• [DIRECTIONS] Go to the line below that has "国家对进出口企业设置了ABC", print it and each line after it exactly, and stop after the line that has "One 1863 State"; leave out pictures.

***

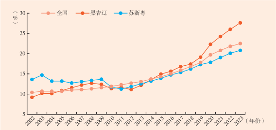 图2 2002—2023年不同省份之间老龄化程度的比较
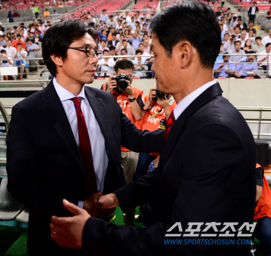 승부차기 순서에도 비밀이 있었다. 에벨톤→오스마르→김진규→고명진→몰리나 순이었다. 2-0으로 앞선 순간 4번째 키커는 고명진이었다. 하지만 한 골만 넣으면 끝이었다. 페널티킥이 뛰어난 몰리나를 전진 배치시켰고, 적중했다. 승리가 확정된 순간 최 감독은 그라운드에 키스했다. 선배 황 감독과는 한때 절친이었다. 종종 소줏잔도 기울였지만 올해 끊겼다. 라이벌이라는 시선은 두 감독을 분리시켰다. 그러나 경기 후 전화 통화로 서로 격려하면 흉금을 털어냈다. "감독대행부터 시작해 지도자로서 거뒀던 가장 슬픈 승리다. 황선홍 감독과 치열한 경쟁을 예상했는데…." '황새'를 걱정한 '독수리'의 솔직한 심경이었다. 경기는 끝이 났다. 서울이 이겼다. "우리가 이길 것이라는 확신이 승리의 원동력이었다. 서울이 충분히 경쟁력이 있다는 걸 보여줬다. 이 자신감을 갖고서 상대가 누가 됐든 우리가 갈 길만 걸어가겠다."
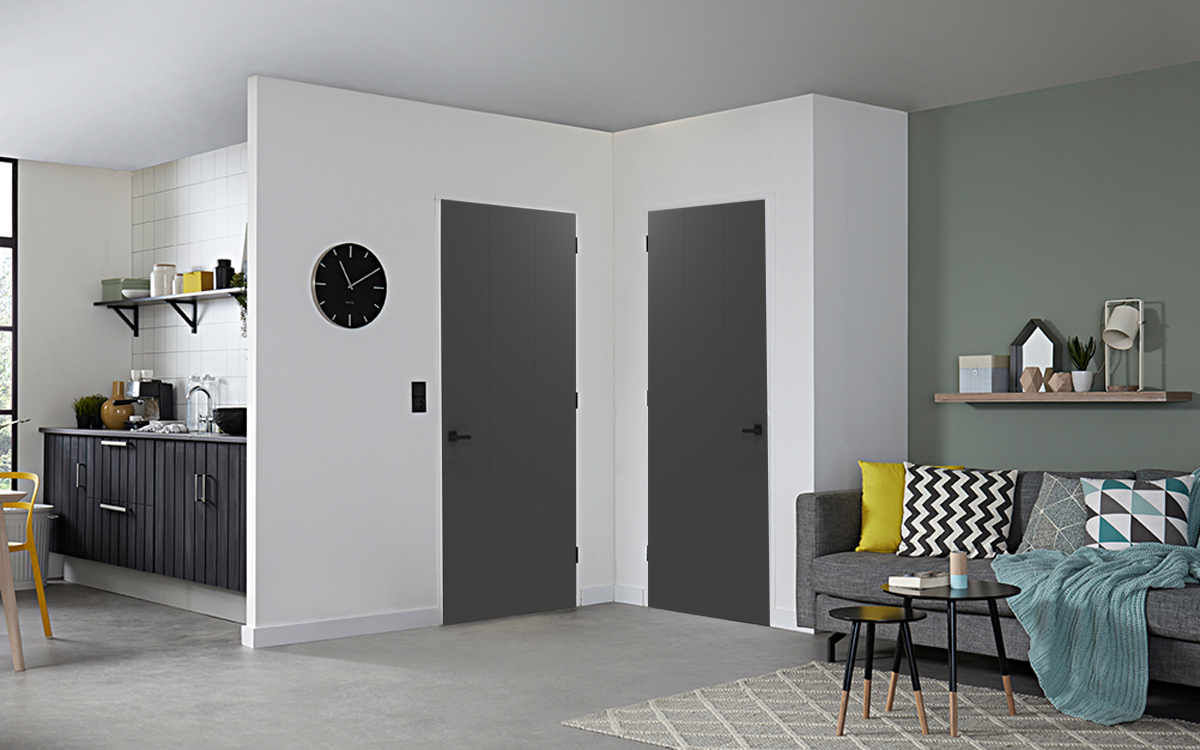 Combineer deze design binnendeur zwart met modern beslag om een krachtig geheel te creëren dat jouw interieur naar een hoger niveau tilt.
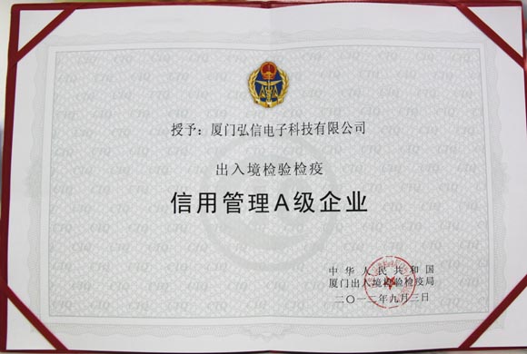 国家对进出口企业设置了ABCD四个信用等级,对于A级企业,依据“守信便利,失信惩戒”的原则,给予享受检验检疫优惠政策,优先推荐实施免验、一类管理、绿色通道、直通放行等便利措施;获此荣誉即是对我司长期以来坚持品质以及诚信的肯定。
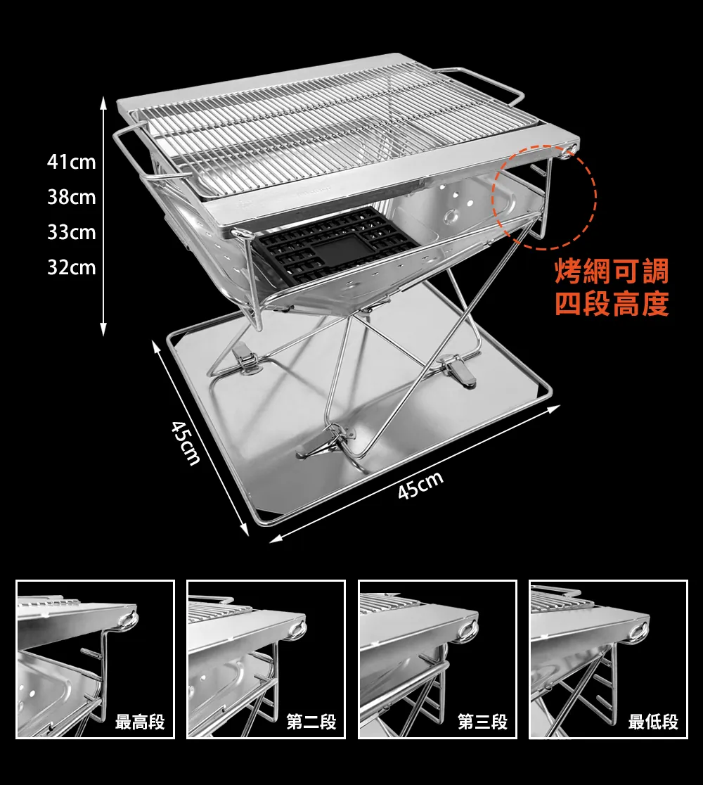 尺寸: 45 x 52(含烤網提把) x 41 cm
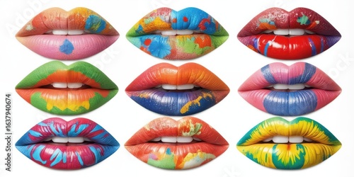 Colorful artistic collage of vibrant lips with creative designs on white background
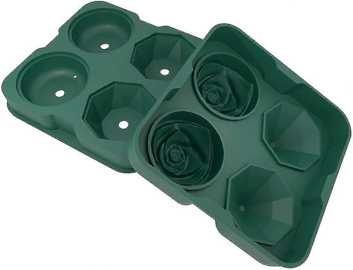 Ice Cube Tray, 2.5 Inch Ice Cube Silicone Molds, 2 Cavity Rose & 2 Diamond Ice Ball Maker
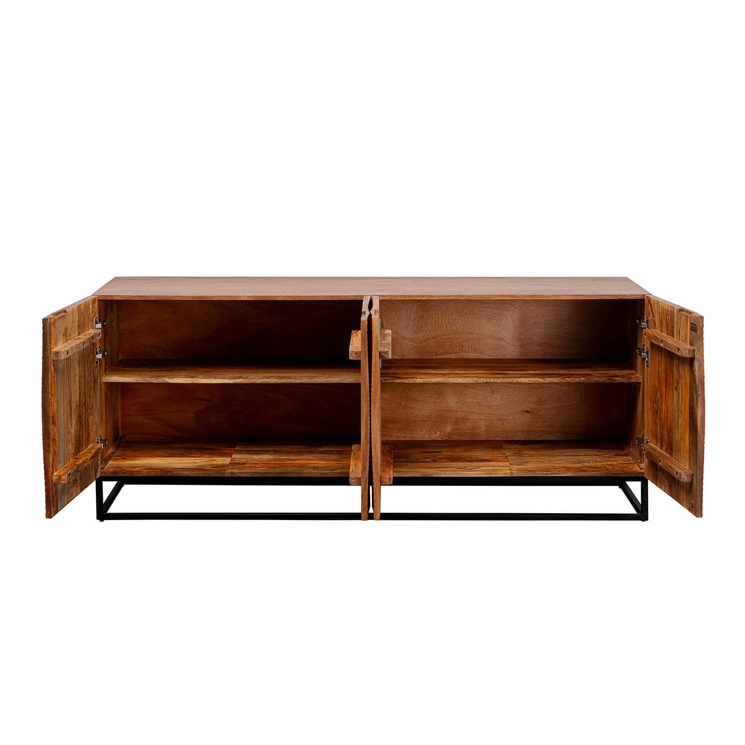 Die 4 Türen des Sideboards schließen sanft und leise dank der Soft Close Funktion, was für zusätzlichen Komfort sorgt. Dieses hochwertige Unikat wurde in Handarbeit hergestellt und überzeugt mit seiner einzigartigen Optik und Qualität.
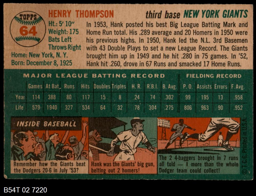 | 1954 Topps #64 Hank Thompson | 4 - VG/EX | Front | Back |
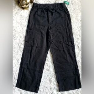 NWT! GAP Black Linen-Blend Wide-Leg Cargo Pull-On Pants - Multiple Sizes 🔹
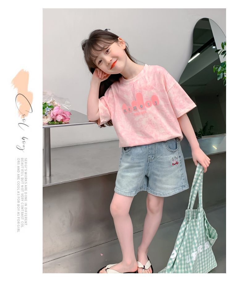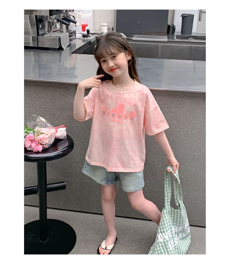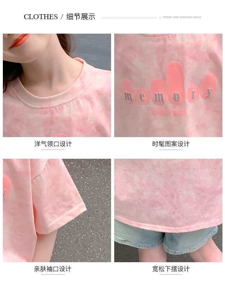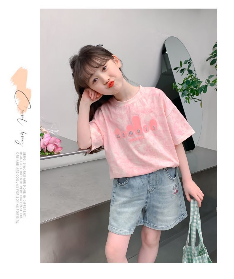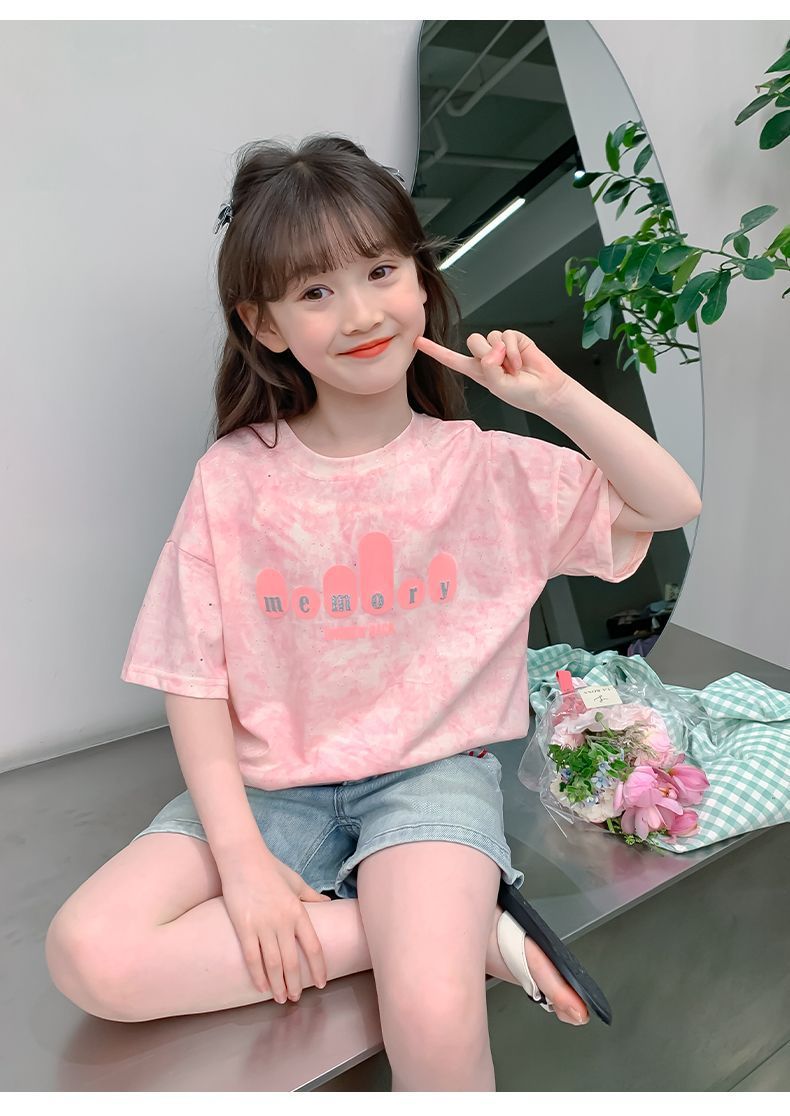 여자 넥타이 염색 여름 티셔츠 2025 신식 소녀 여름 빅 어린이 반팔 탑 어린이 반팔 옷스토어 가기
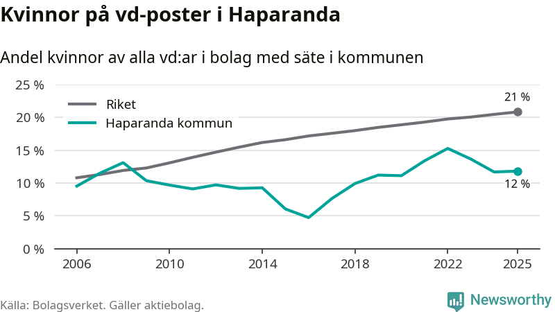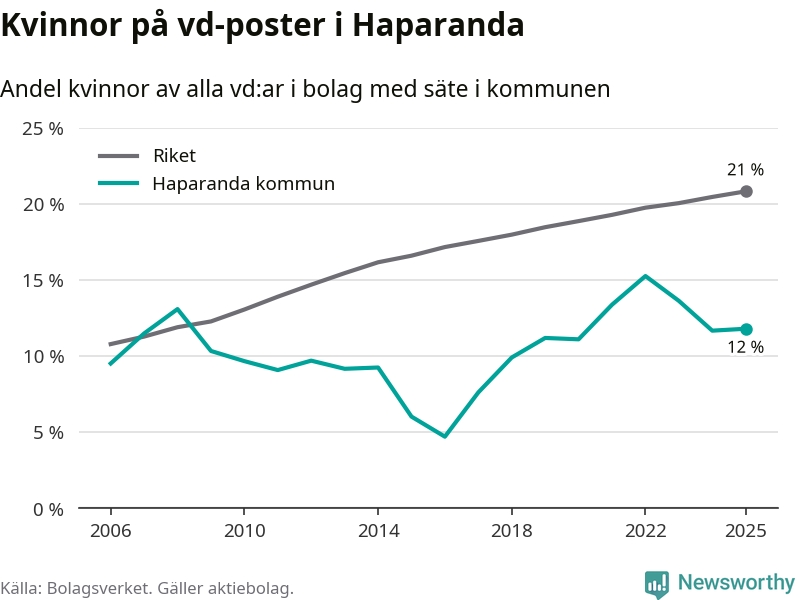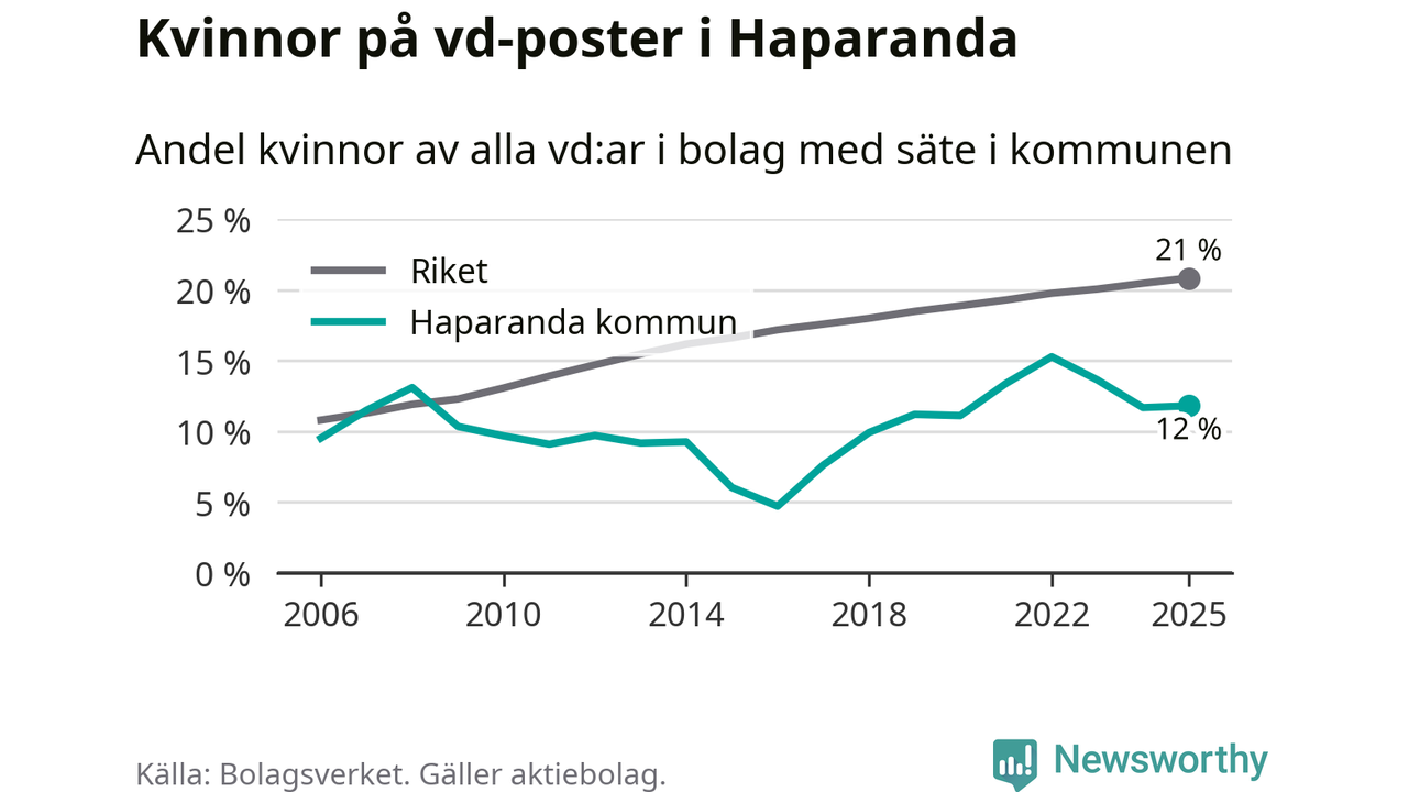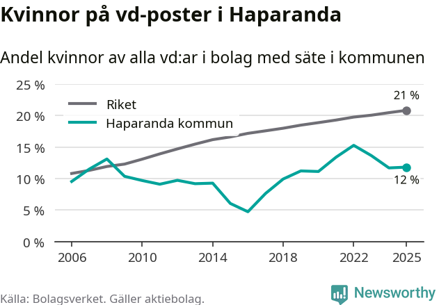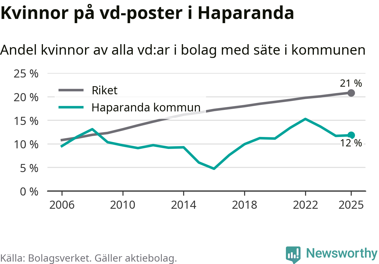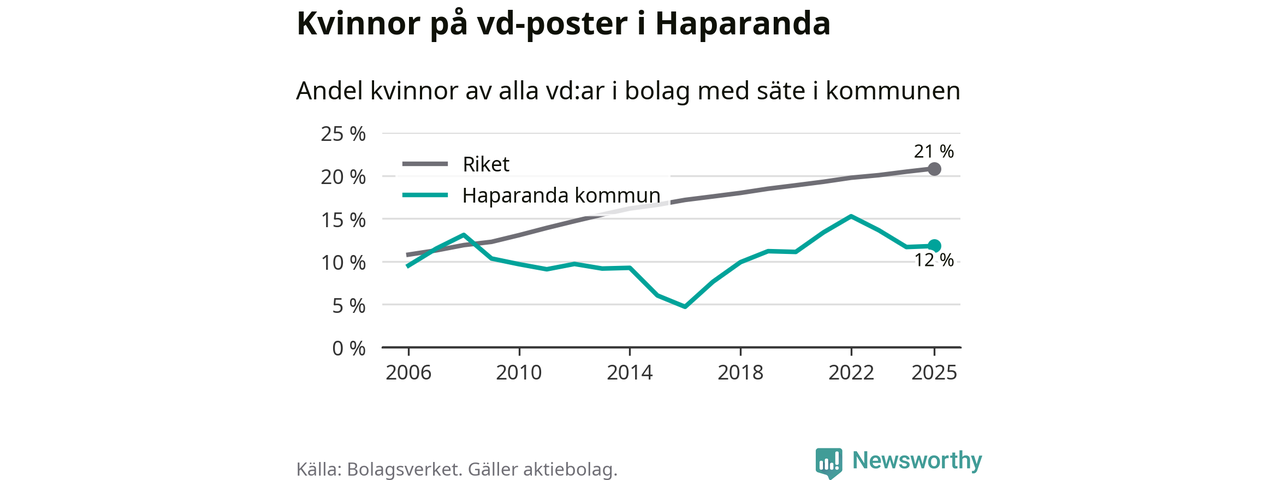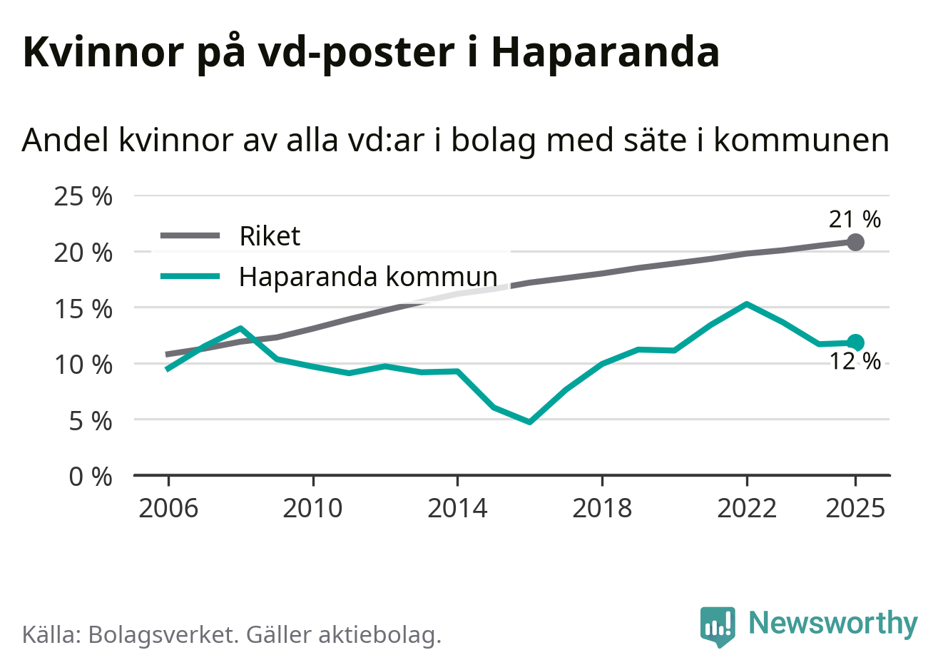 Det är fortfarande män som är vd i nästan fyra av fem bolag i Sverige och i Haparanda är det alltså en lägre andel kvinnor på vd-posten. 12 procent är den näst lägsta andelen av kommunerna i Norrbotten. Högst andel kvinnliga vd:ar i Norrbotten har företagen med säte i Bodens kommun, 25 procent. Lägst är andelen bland företagen med säte i Övertorneå kommun, 6 procent. I Övertorneå rör det sig om 63 företag totalt och även små förändringar får stora utslag i andelen kvinnliga vd:ar.
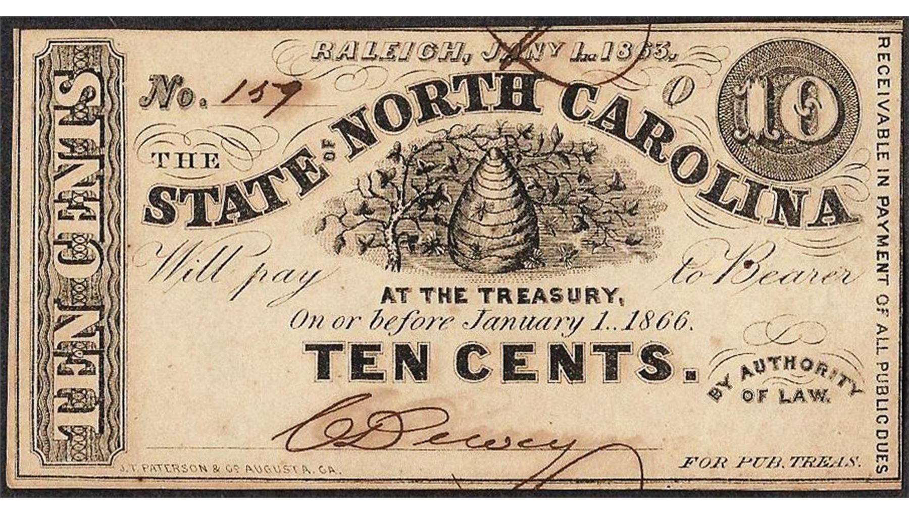 One 1863 State of North Carolina Ten Cents Obsolete Note.
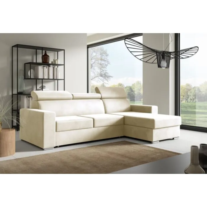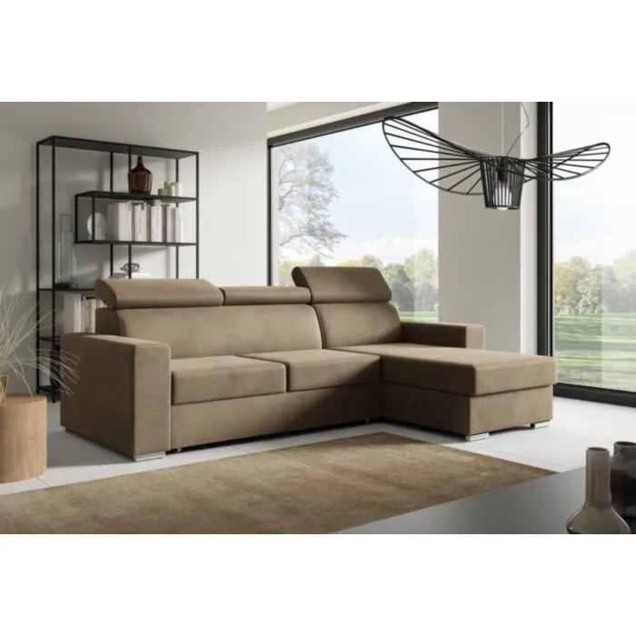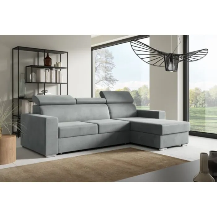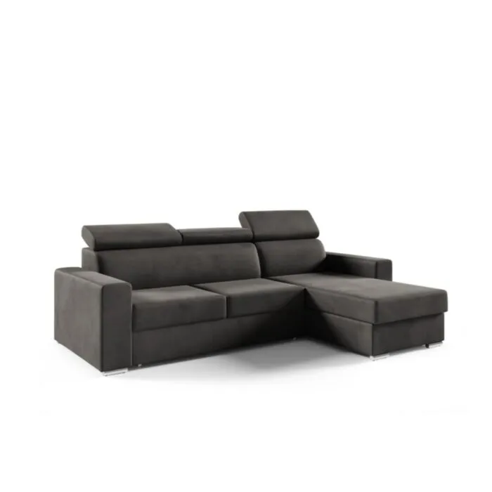 Kotna sedežna garnitura ADELINA je moderna, atraktivna in elegantna garnitura, primerna za vsak dnevni prostor. Narejena je iz kvalitetnih materialov in privlačnih barv. Primerna je za vsak prostor. Sedežni je potrebno določiti levi ali desni kot. Prednost je tudi spalna funkcija, katera se raztegne z dolphin mehanizmom. Sedež je izdelan iz valovite vzmeti in kombinacije visoko elastične pene, ki bo zagotovo pripomogla k udobnemu počitku. Njena prednost je, da ima funkcionalen predal za shranjevanje različnih stvari. Kotna sedežna garnitura ima nastavljivo vzglavje, kar pripomore k njeni funkcionalnosti.
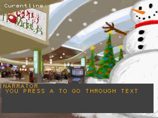 Kriss MingleMy team made a Visual Novel called where you meet and date Mall Santas.Or at least that was the idea. we had so many speed bumps during development that this version we're submitting was made in only 3 days, so don't expect a lot. CreditsGraphics - DreamcastFreakMusic - Sharkhat Programming - Me ControlsStart - Starts Novel from Title ScreenA - Progress Story (Submitting Both Music and Non-Music versions because I could only test the latter. Hope the former works!) EDIT: I should mention, after getting so many questions about it. The game will just end abruptly on a question. The game has not crashed, I just wasn't able to implement the decision mechanics in time | |||
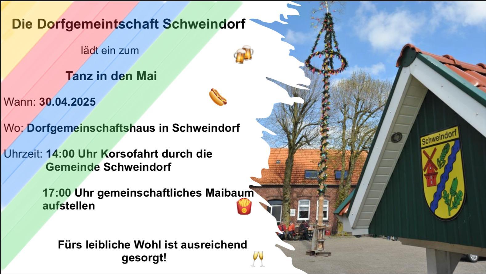 Die Dorfgemeinschaft Schweindorf lädt herzlich ein zum Tanz in den Mai am 30. April 2025!

***

• [EXERCISE OUTPUT]
 国家对进出口企业设置了ABCD四个信用等级,对于A级企业,依据“守信便利,失信惩戒”的原则,给予享受检验检疫优惠政策,优先推荐实施免验、一类管理、绿色通道、直通放行等便利措施;获此荣誉即是对我司长期以来坚持品质以及诚信的肯定。
 尺寸: 45 x 52(含烤網提把) x 41 cm
 Colorful artistic collage of vibrant lips with creative designs on white background
 Ice Cube Tray, 2.5 Inch Ice Cube Silicone Molds, 2 Cavity Rose & 2 Diamond Ice Ball Maker
 Die 4 Türen des Sideboards schließen sanft und leise dank der Soft Close Funktion, was für zusätzlichen Komfort sorgt. Dieses hochwertige Unikat wurde in Handarbeit hergestellt und überzeugt mit seiner einzigartigen Optik und Qualität.
 | 1954 Topps #64 Hank Thompson | 4 - VG/EX | Front | Back |
 NWT! GAP Black Linen-Blend Wide-Leg Cargo Pull-On Pants - Multiple Sizes 🔹
 여자 넥타이 염색 여름 티셔츠 2025 신식 소녀 여름 빅 어린이 반팔 탑 어린이 반팔 옷스토어 가기
 Det är fortfarande män som är vd i nästan fyra av fem bolag i Sverige och i Haparanda är det alltså en lägre andel kvinnor på vd-posten. 12 procent är den näst lägsta andelen av kommunerna i Norrbotten. Högst andel kvinnliga vd:ar i Norrbotten har företagen med säte i Bodens kommun, 25 procent. Lägst är andelen bland företagen med säte i Övertorneå kommun, 6 procent. I Övertorneå rör det sig om 63 företag totalt och även små förändringar får stora utslag i andelen kvinnliga vd:ar.
 One 1863 State of North Carolina Ten Cents Obsolete Note.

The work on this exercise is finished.